The highest prescribing 10 per cent of practices issued them 78 per cent of the time. In some cases, some of those prescriptions will be necessary, for example, severe cases of tonsillitis, or sore throats in people with already weakened immune systems, cannot be allowed to fester.
Others may be back up prescriptions, given to patients with strict instructions only to get the drugs from the chemist if their symptoms do not improve within a few days. Many of those will not be picked up, and therefore make no contribution to antibiotic resistance. Studies often struggle to differentiate these from immediate prescriptions.
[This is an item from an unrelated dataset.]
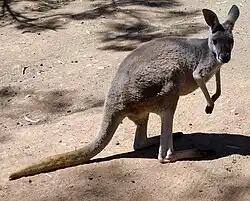 2. ^ Ellis, M.; van Weenen, J.; Copley, P.; Dickman, C.; Mawson, P.; Woinarski, J. (2016). "Macropus rufus". IUCN Red List of Threatened Species. 2016 e.T40567A21953534. doi:10.2305/IUCN.UK.2016-2.RLTS.T40567A21953534.en. Retrieved 19 February 2022.

However, there is evidence that some doctors feel bullied by patients who want antibiotics and will not take no for an answer. Others feel as if they have to give patients some form of treatment, and offer antibiotics if the alternative would be to do nothing.
The government wants to halve inappropriate prescriptions of antibiotics by 2020 — and official figures show a 13 per cent reduction in GP antibiotic prescriptions between 2012 and 2016. While the new Nice guidelines are not binding on doctors, they are likely to help reduce prescriptions for sore throat — if only by giving doctors something firm to point at when faced with an irate patient.